As a word of caution, check with your attorney and CPA before embarking on any sophisticated compensation plan, particularly if repurchase of shares is involved.

IPO on the Horizon?

Be careful if an Initial Public Offering (IPO) is nearby. In some circumstances an IPO may create unwanted (and unnecessary) negative financial impact on the organization.

Valuing the Stock

Finally, relative to stock plans, is the question of determining the stock’s value. Generally, public companies know the value of their stock, while family-owned companies must seek alternative methods. There are five common methods to arrive at a fair value. They are:

  • Appraisal Value: An independent professional with certified appraisal credentials can determine a fair value.
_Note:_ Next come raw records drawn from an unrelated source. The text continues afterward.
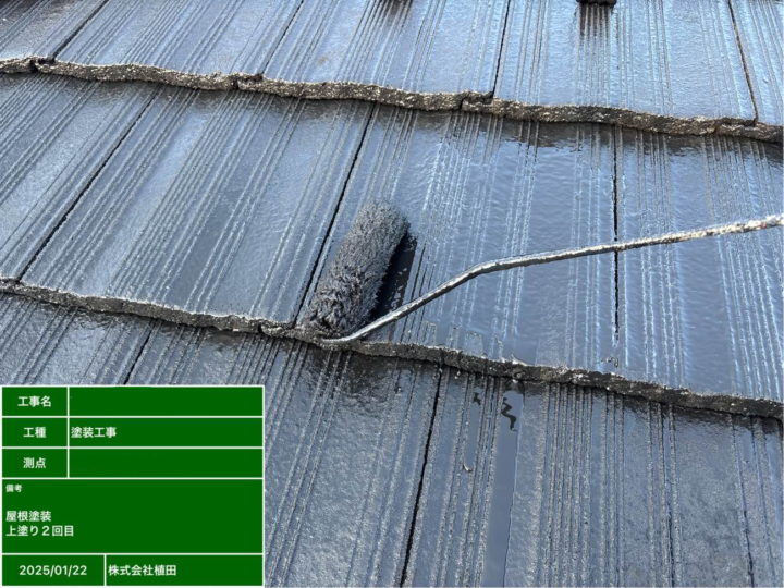 2回目の塗装で、屋根の保護力がしっかりと高まり、長期的に耐久性のある仕上がりになります。
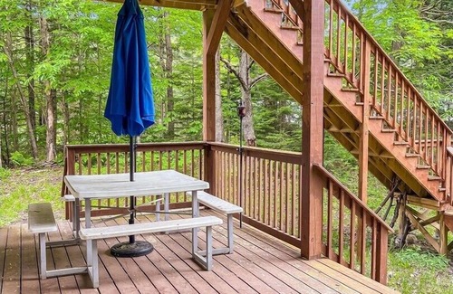 Escape the hustle and bustle of everyday life by booking a stay at this beautiful Adirondack Home in the Okara Lakes Community. Peaceful Oasis is located on Lake Easka, a non-motorized lake perfect for fishing, swimming, and kayaking. This private home has 4 bedrooms and 3 full bathrooms. On the first floor, you're greeted by the expansive great room with a pellet stove and a smart TV, a fully equipped kitchen, a 1st-floor bedroom (with double bed), a full bathroom, a large mudroom and a massive covered porch, overlooking the Lake Easka inlet. Three additional bedrooms are found on the 2nd floor; The master bedroom with a King and the others with 2 twins each. The master bedroom (with the King) also has a sitting/work area, smart TV and a large covered balcony overlooking the backyard and inlet. Enjoy the convenience of Wifi, Smart TV, 7 kayaks and bicycles for your use. This property is just minutes from the heart of Old Forge where you'll find shops, restaurants, hiking trails, a historic movie theatre, a waterpark and so much more! Available for rent year-round; By the week in the summer (Sunday - Sunday), a 2-night minimum the rest of the year (excluding holidays). Directly on the snowmobile trail system, this property has a garage and plenty of room for trailer parking.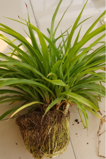 首先我们把破的花盆里面的花移出来,这一盆吊兰长得年数很久了,还是我们那时候装修的时候买的吊兰,已经有十年了,所以吊兰的根须很长,交错在一起,已经不能分开了,他们的生命力非常顽强,就算是我不管他们,他们还是长得郁郁葱葱的,很茂盛呢。
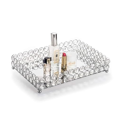 - Crystal Decorative Tray Measures & Material: 12 x 8x 2.16 Inches(L x W x H) / 30 x 20 x 5.5cm; Net Weight: 1.43lb/ 651g; Crystal Beads strung Metal Rings. Mirror Surface with Sturdy Base.(Please remove the Protective film before use)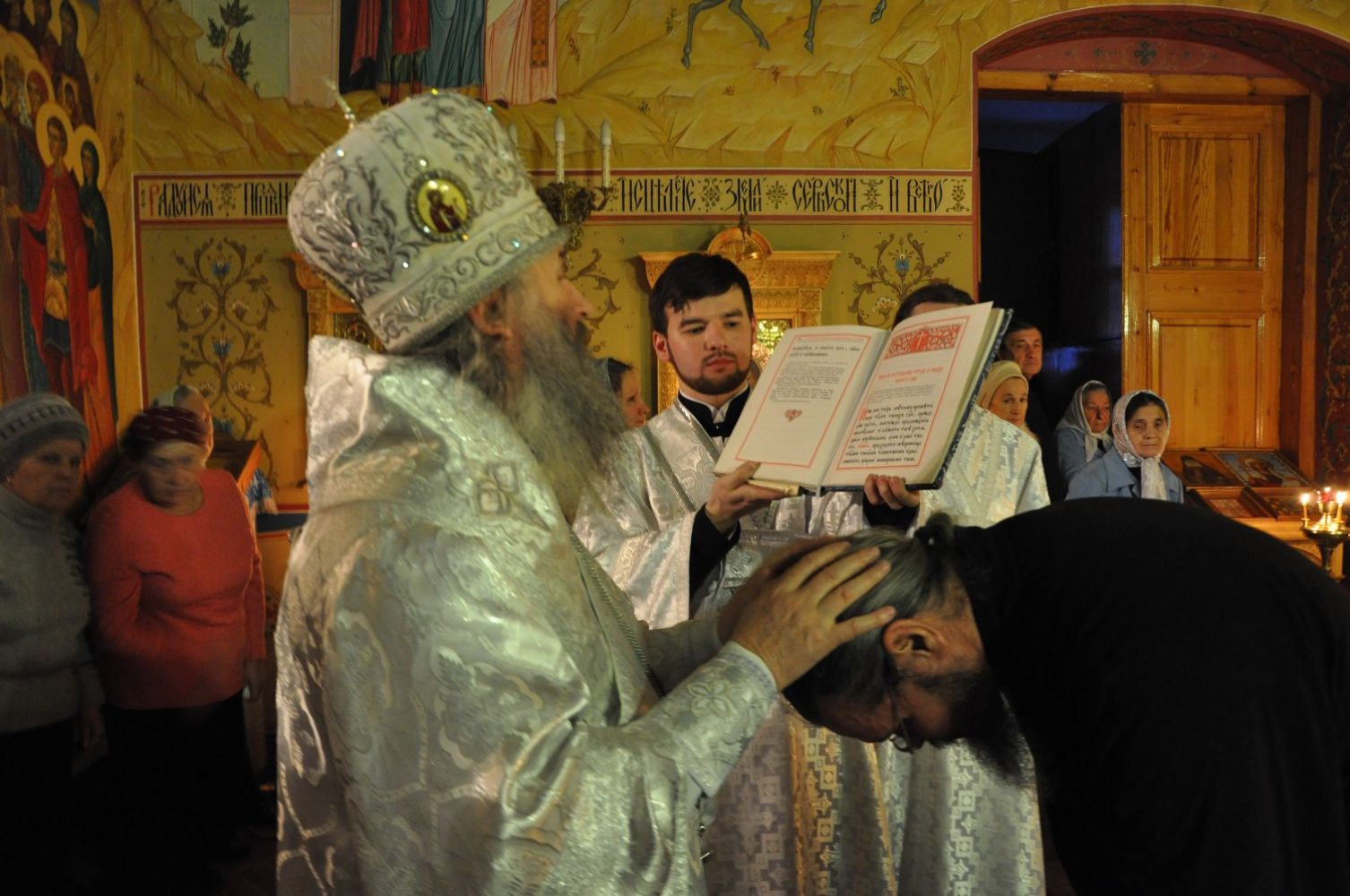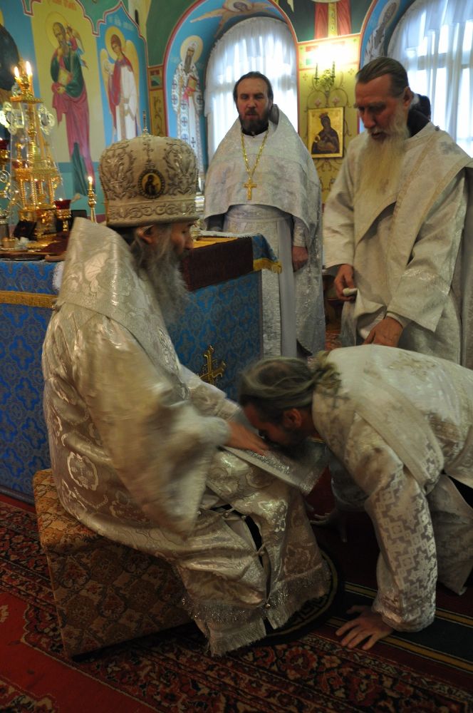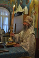 Владыке сослужил секретарь Епархиального управления иеромонах Серафим (Пасанаев). Богослужебные песнопения исполнил детско-юношеский хор «Благовест» под управлением регента Татианы Черновой.

This is the most common method in a closely held business and one that usually has fewer “down-the-road” problems.
  • Book Value: Book value is determined by calculating total assets minus liabilities.
  • Multiple of Earnings: An earnings multiple compared to a selected peer group of companies.
  • Last Sale of Securities: The value per share of the latest trade (for companies who allowed outside investors to purchase company stock) is used as a basis for the share price.
  • “Good Faith”: Some family-owned organizations use “Good Faith” as the basis, perhaps combining two or three of the above methods into one consensus price per share. “Good Faith” values are usually determined by the Board of Directors.

Determining the most appropriate means of measuring value is one of professional judgement. There are no stringent legal or philosophical reasons why a family-owned business cannot provide a broad-based total compensation package designed to recruit, motivate, and retain key talent.